Projects • Juliano Garcia

Projects

A Study on Gradient Boosting Classifiers

My undergraduate thesis with an experimental analysis of LightGBM hyperparameters in classification models

Gradient Boosting Machines (GBMs) is a supervised machine learning algorithm that has been achieving state-of-the-art results in a wide range of different problems and winning machine learning competitions. When building any machine learning model, the hyperparameter optimization can become a costly and time-consuming task depending on the number and the hyperparameter space of the tuning procedure. Machine learning users that are not experienced researchers or data science professionals can struggle to define which hyperparameters and values to choose when starting the model tuning, especially with newer GBMs implementations like the XGBoost and LightGBM library. In this work, a large-scale experiment with 70 datasets is conducted using the OpenML platform, measuring the sensitivity of binary classifiers evaluation metrics to changes in three LightGBM hyperparameters.

A solid statistical framework is applied to the study results, analyzing the behavior from three different viewpoints: results by hyperparameters, results by characteristics of the dataset and results by performance metric. The carried out experiments indicate insightful relationships of the hyperparameters in gradient boosting classifiers, uncovering which combinations of hyperparameters resulted in models with the highest change in the metrics from the baseline, what metrics are most sensitive and which characteristics of the studied datasets stood out. These results are hereby here presented to facilitate the model building of gradient boosting classifiers for machine learning users.

Women's Shoes Prices - Kaggle EDA Exploratory data analysis of the Dataset 'Women's Shoes Prices' by Datafiniti Company

The purpose of this project is to study the Women’s Shoes Prices dataset from Kaggle, which contains a list of women’s shoes and the prices they were sold. The data was originally made available at Kaggle by the Datafiniti Company. This project was done mainly to showcase some basic EDA techniques (like histograms and ECDF) but at the same time diving deep into more complicated business questions, e.g. using Fuzzy matching to find out the most popular shoe colors in the dataset.

Snacker - AI Recommender System A snack recommendation service (using collaborative filtering), that recommends snacks based on your personal taste and geolocation

Snacker is a full-fledged social network for snack lovers all over the world. The website itself was built using the Flask library for the back-end, and the recommendation engine was implemented using a specific collaborative filtering technique called Matrix Factorization. The data was stored using MongoDB for prototyping and testing, more details about the methodology can be found here.

Incognito Search - Chrome Extension Incognito search extension for Chrome. Just right click and search directly on incognito mode.

Simple Chrome Extension that searches in an Incognito window for the selected text.

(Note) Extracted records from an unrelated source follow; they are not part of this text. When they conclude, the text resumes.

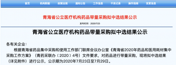 7月23日,青海省公立医疗机构药品带量采购拟中选结果公示。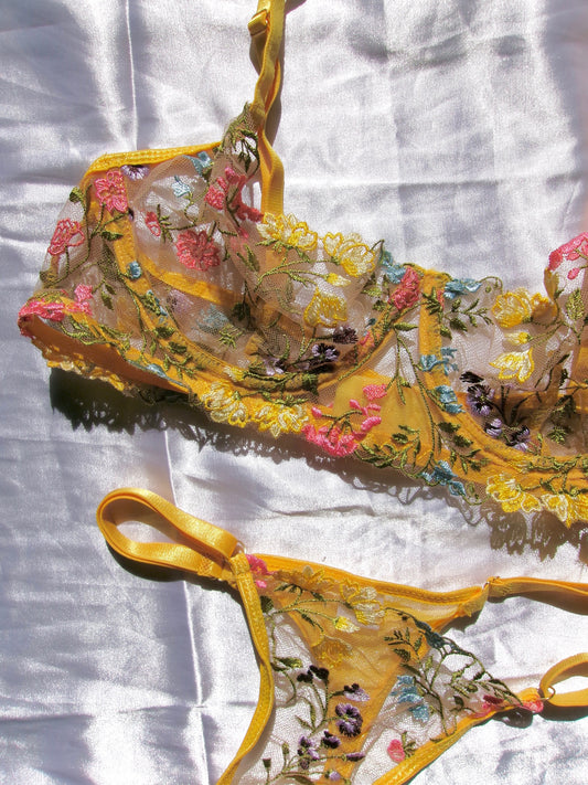Lingerie fleurie à dentelle 3 pièces - Jaune Florals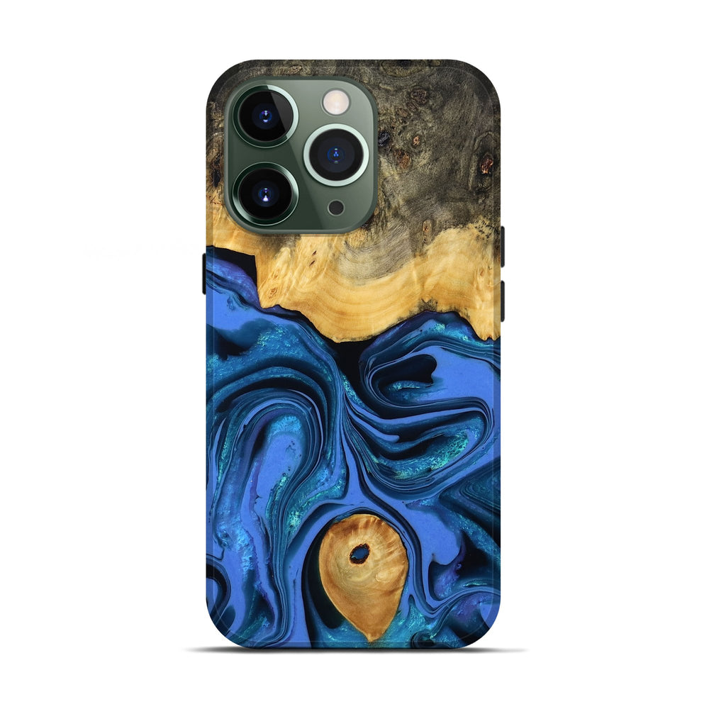 Our Live Edge cases are made from an amazing combination of stabilized wood burl and colored resin. Our stabilization process hardens the wood to protect against cracks and breaks. We do every step of the process at our shop in Northern Indiana. Perfectly fits the iPhone 13 Pro.

Built using Javascript.

Movies Ontology - iMDb Ontology, parser and system modeling in description logic (DL) for movies

A knowledge-based systems is an area of study in artificial intelligence which tries to capture human knowledge (which usually are experts in the system) and embedded them into rules in a system. In this specific project iMDb data was used to create an ontology of movies, by parsing iMDb datasets and adding them into the ontology. The modelling of the ontology was made with Protégé, an open-source ontology editor, using a Description Logic called the Web Ontology Language (OWL).

2nd website version My second website, implemented using Jekyll

This was my second website, where I used Jekyll to write a few blog posts.

Law of Large Numbers Simulator Bernoulli's theorem Simulator (Weak Law of Large Numbers)

This is a project to demonstrate in graph plotting and real data, Weak Law of Large numbers, which is a very useful Theorem used in statistics. As our website says: " In practice, it (the Weak Law of Large Numbers) dictates that, if repeated enough times, the accumulate results of the same experiment will tend to its real mathematical probabilities.”

The website plots in real time the graph of throwing a dice or a coin the number of times the user specifies, so it’s completely interactive, and the user have fully control over the start number, the amount of throws to perform, and even the speed of the plot. Also, the library that we use (Canvas JS) allow the user to see in real time the convergence of the probability. It was developed in partnership with Pedro Pereira in 2016.

1st website version My first personal website (in PHP)

This was my first website. You can check it out for more projects related to my programming work at high school.